Finding Heat and Work in a Three-Step Gas Cycle

[CurtisB]

Homework Statement

A monatomic ideal gas has pressure p_1 and temperature T_1. It is contained in a cylinder of volume V_1 with a movable piston, so that it can do work on the outside world.

Consider the following three-step transformation of the gas:

1. The gas is heated at constant volume until the pressure reaches Ap_1 (where A >1).
2. The gas is then expanded at constant temperature until the pressure returns to p_1.
3. The gas is then cooled at constant pressure until the volume has returned to V_1.
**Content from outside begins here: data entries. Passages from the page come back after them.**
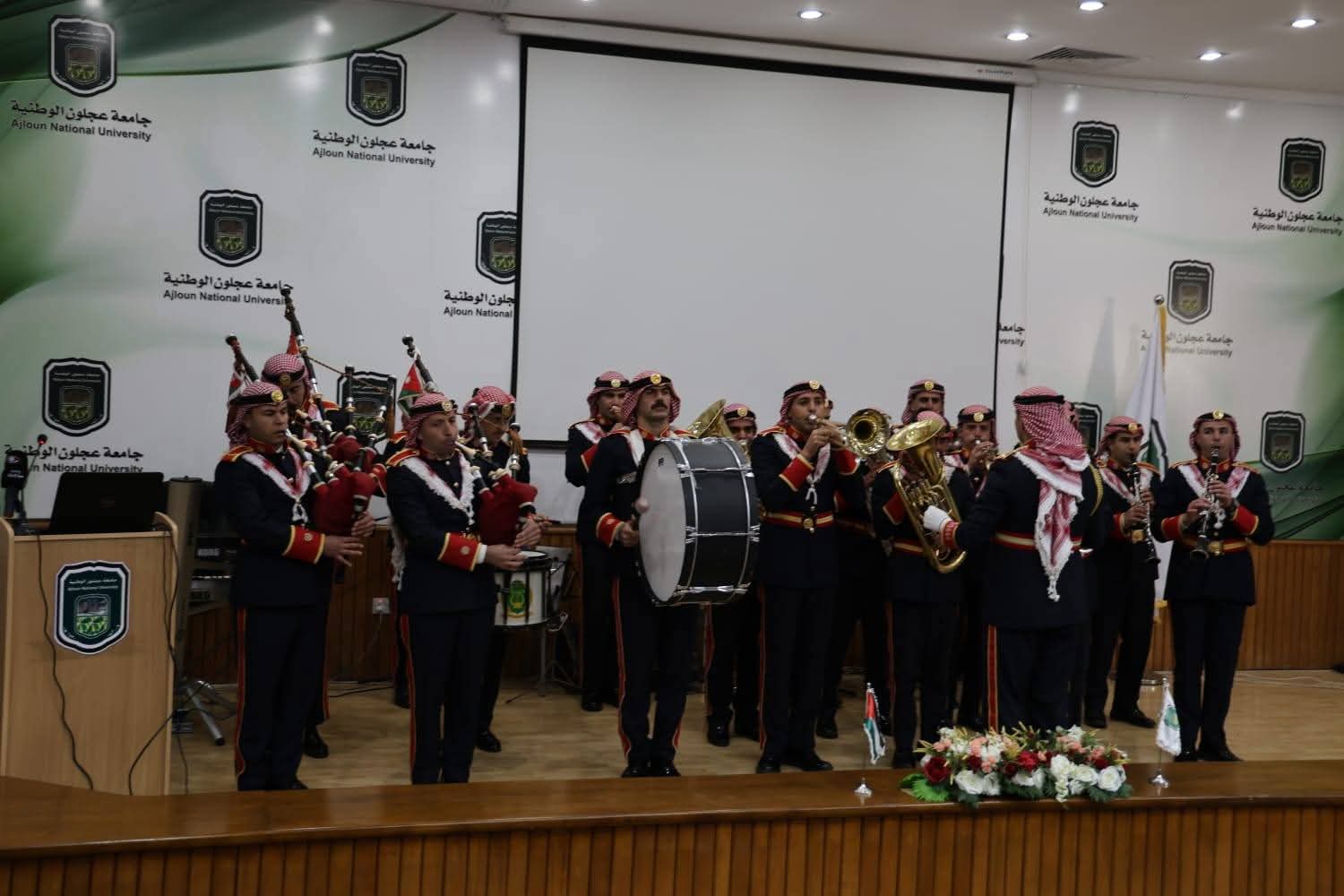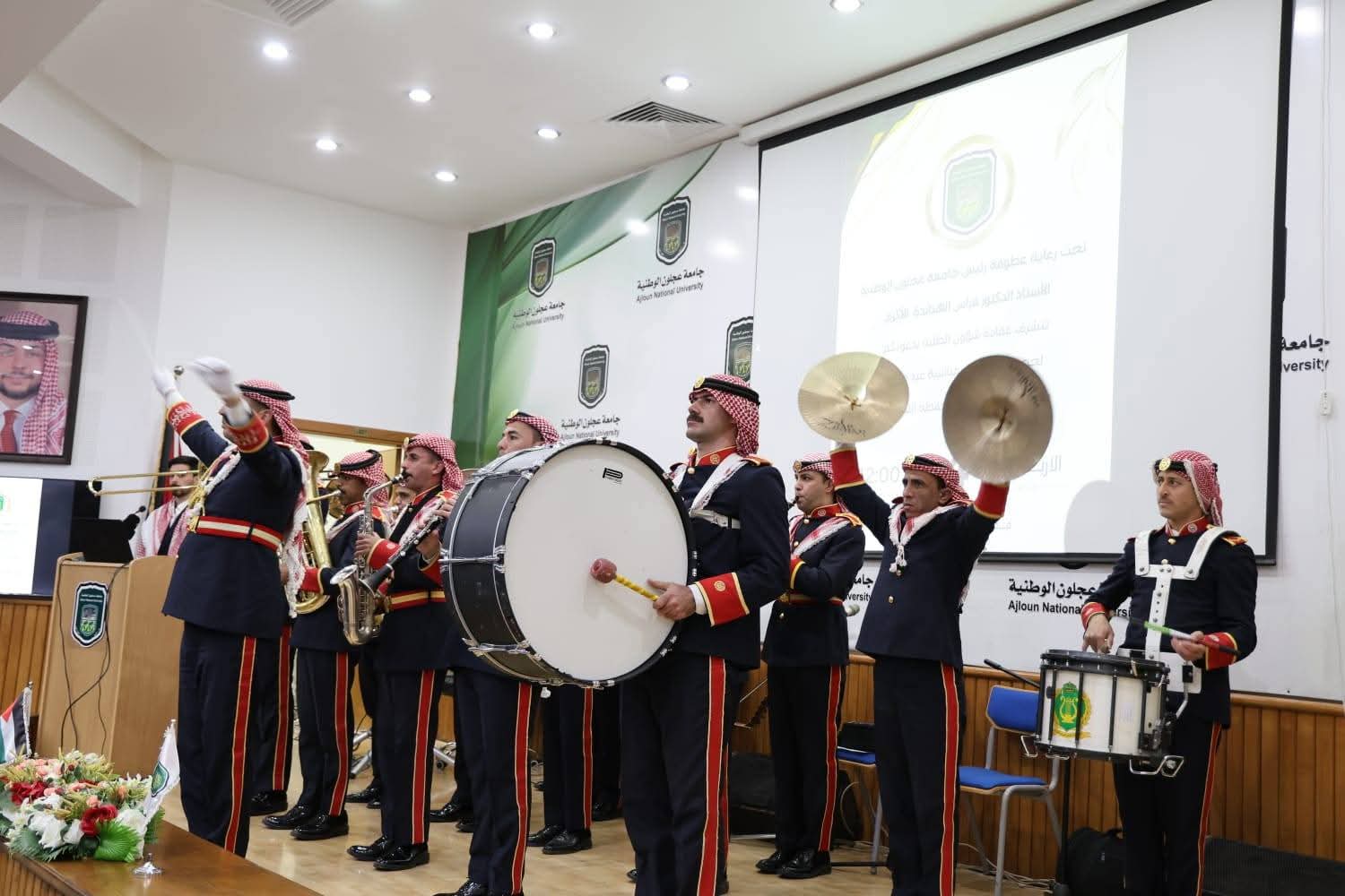 وتخلل الحفل فقرة وطنية قدّمتها موسيقات القوات المسلحة الأردنية، تفاعل معها الحضور، تلتها فقرة غنائية وطنية عبّرت عن الفرح والاعتزاز بهذه المناسبة، وشاركت فيها أسرة الجامعة في أجواء جسّدت وحدة المشاعر وصدق الانتماء.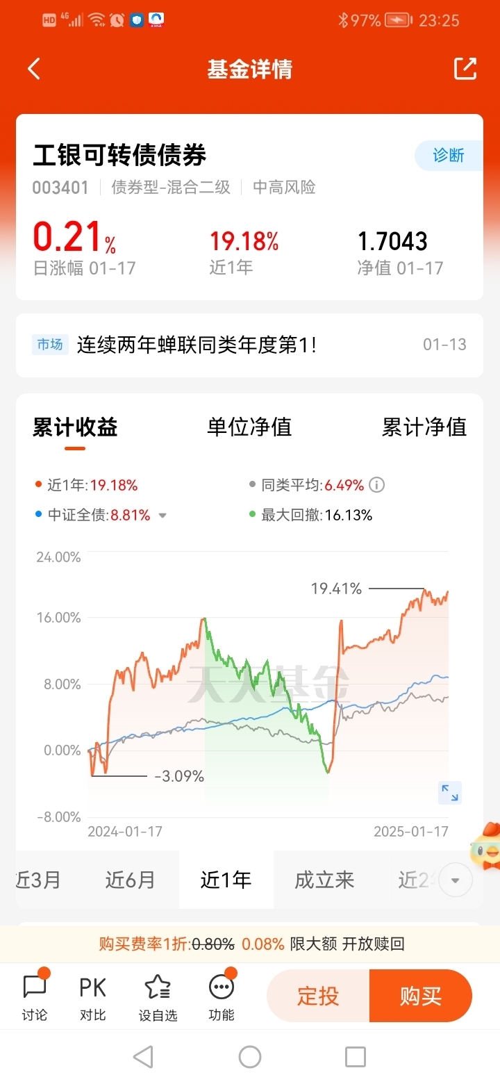 打卡第22天,看好$工银可转债债券$,震荡市场具备股和债的双重属性,可谓是“进可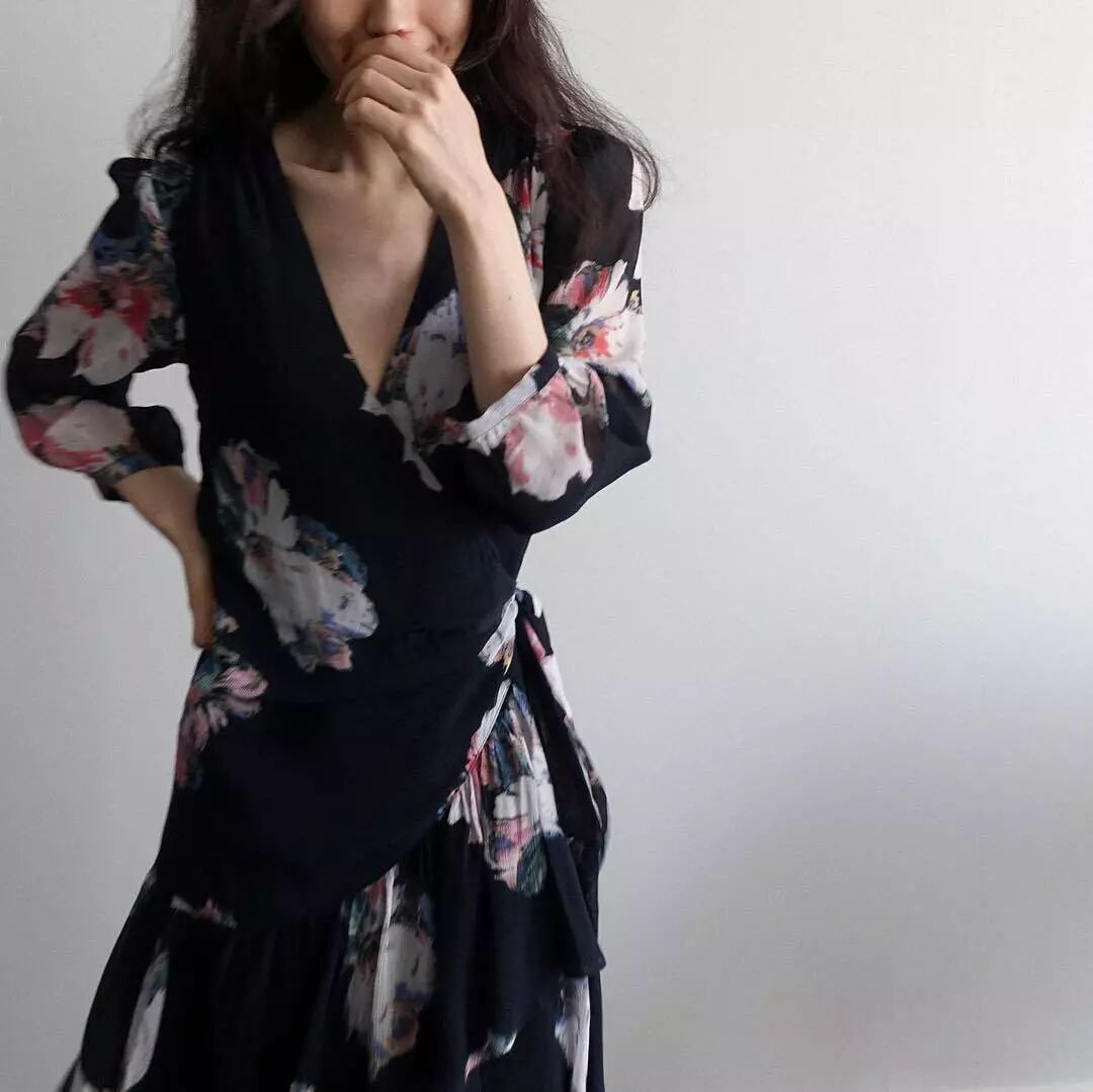 迷人的花裙子,灑脫飄逸,小v的設計有點性感。

It may be helpful to sketch this process on the pV plane.

Part 1-
How much heat DeltaQ_1 is added to the gas during step 1 of the process?
Express the heat added in terms of p_1, V_1, and A.

Part 2-
How much work W_2 is done by the gas during step 2?
Express the work done in terms of p_1, V_1, and A.

Part 3-
How much work W_3 is done by the gas during step 3?
If you've drawn a graph of the process, you won't need to calculate an integral to answer this question.
Express the work done in terms of p_1, V_1, and A.

Homework Equations

C_V = 12.47
R = 8.31

The Attempt at a Solution

Part 1-
I tried Q = p_1*V_1*(C_V/R) = 1.5*Ap_1*V_1 but I was told this is the final internal energy, not the change in internal energy. so I worked out that

Q = [1.5*p_1*V_1*(AT_1-T_1)] / T_1 but the answer does not depend on AT_1 or T_1

Part 2-
all I've got so far is
W = nRT*ln(V_f/V_i) = pV*ln(V_f/V_i)
but that's about as far as I get.

Part 3-
I got Ap_1*V_1 but this is what the value would be if it were coming from V = 0. So I re-arranged pV=nRT to eventually get

W = p_1[(p_1V_1)/(Ap_1) - V_1]
but this is also wrong how do I take into account the initial state, wouldn't I just be able to write W = (Ap_1V_1) - V_1 ?
Could someone please set me on the right path, I have been up late each night this week trying to work this out.

 

[variation]

Hello,
(1)
For monatomic ideal gas, the internal energy can be also written as U=\frac{3}{2}PV
The first step is an isochor process, no work is done, the heat is just the change of internal energy.
You can use the formula and try again.
(2)
For the second process, it is an isothermal one, which means PV=nRT=\text{constant}
Therefore AP_1\times V_1=P_1\times V_f\Rightarrow V_f=AV_1
Substitute this relation into your formula and get it.
(3)
Actually, i don't completely understand why you think from your words.
But i know the work is the area under the curve on the P-V diagram.
The work done by the gas in the third step is -P_1(AV_1-V_1).
(The work done by the gas in the first step is 0 since no area.)
The total work is the area inside the colse process on the P-V diagram.
It is 0+AP_1V_1\ln{A}-P_1(AV_1-V_1).

Hope these are helpful. Goodluck.

 

[CurtisB]

So for part one, if delta_U = 3/2(pV)
then delta_U should equal 3/2* the change in p * V = 3/2(Ap_1 - p_1)V_1. does this look right.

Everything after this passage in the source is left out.